I owe it all to the Monsters.

So now I am a disciple of the Way of the Monster, also known as the Tao of Rawr.  If you would like to learn more about the Tao of Rawr, here are a few of the key principles.

  1. Each of us has an inner Monster aspect.
  2. Our Monster came from the Great Monster, and it leads us towards reunion with the Great Monster.
  3. Every Monster is distinct.  My Monster does not look like yours.  
  4. The Monster is the Monster. We do not judge our Monster.

Wednesday, March 30, 2011

Bringing Awesome to Weirdos Everywhere

Robot Messenger Bag by ArtsiBitsi
Recently I was asked to explain why I sell almost exclusively online, through Etsy, rather than through gift shops and bricks-and-mortar stores.  Aren't most people more comfortable shopping in person, where they can pick up and examine an item before deciding to buy it?  What kind of person would buy a backpack or messenger bag online -- solely from pictures?

I can relate.  I would never buy an avocado online.  And fortunately I don't have to, because there are lots of supermarkets that sell avocados.  I can squish as many real avocados as I like before deciding which one I want to buy.  (I don't really squish the avocados -- I'm just saying, I could.)

But suppose I am a weirdo from Smallville, Kansas and I want a sweet skull backpack or cthulhu messenger bag.  My local Walmart doesn't carry them and neither does the mall.  Shopping online is the best solution for a quirky non-conformist like me.

So my online shop is like a beacon and gathering place for fellow nerds, geeks, oddballs and weirdos worldwide.  Through the power of the interwebs, I am able to connect with cool people across the pond and down under.  

Sunday, March 20, 2011

I Cthulhu, Do You?


As a fan of classic horror and a great reader in high school, I enjoyed stories by Poe, Shelley, Bram Stoker and Lovecraft.  I loved stories about robots and alien landscapes.  Probably I empathized more with the creatures in these tales than with the heroes who were trying to slay them.  For sure, I thought of myself as a stranger in a strange land -- awkward and full of strange impulses and appetites that I didn't understand.  

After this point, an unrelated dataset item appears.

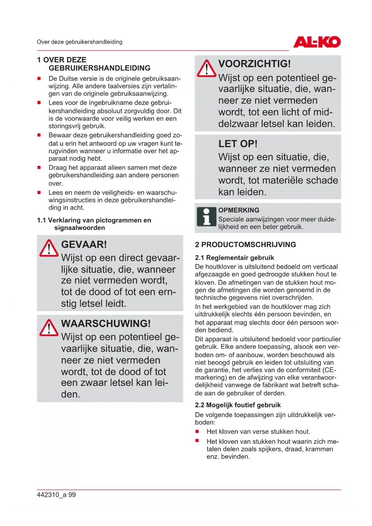 Het apparaat nooit gebruiken met versleten of defecte on- derdelen. Defecte onderdelen altijd vervangen door oor- spronkelijke reserveonderde- len van de fabrikant. Wanneer het apparaat met versleten of defecte onderdelen wordt ge- bruikt, kan tegenover de fabri- kant geen aanspraak op ga- rantie worden gemaakt. OPMERKING Reparatiewerkzaamheden mogen uitsluitend worden uitgevoerd in de vakhandel of op onze AL-KO Service- vestigingen.

Now that I'm more grown up, maybe I can be friends with the monsters that live inside my head.  Or at least I can channel them into more productive directions.  I can take what is dark, and make light of it.

One of the monsters that I am finding very interesting right now is the Cthulhu.  

It's commonly pronounced kə-THOO-loo now, but this high priest of the Great Old Ones has had many names throughout time. Cthulhu are said to evoke abject terror in all who have the misfortune to encounter them.  According to HP Lovecraft, their appearance "yielded simultaneous pictures of an octopus, a dragon, and a human caricature.... A pulpy, tentacled head surmounted a grotesque scaly body with rudimentary wings."  Sounds charming, right?

But like most monsters, Cthulhu have power.  The Great Old Ones are telepathic and "knew all that was occurring in the universe".  They ruled the earth before humans, but now they sleep, waiting to be awakened and dreaming of "new ways to shout and kill and revel and enjoy themselves, and all the earth would flame with a holocaust of ecstasy and freedom."  Perhaps they still visit us, "moulding [our] dreams". 

All of this gives me very pleasant shivers.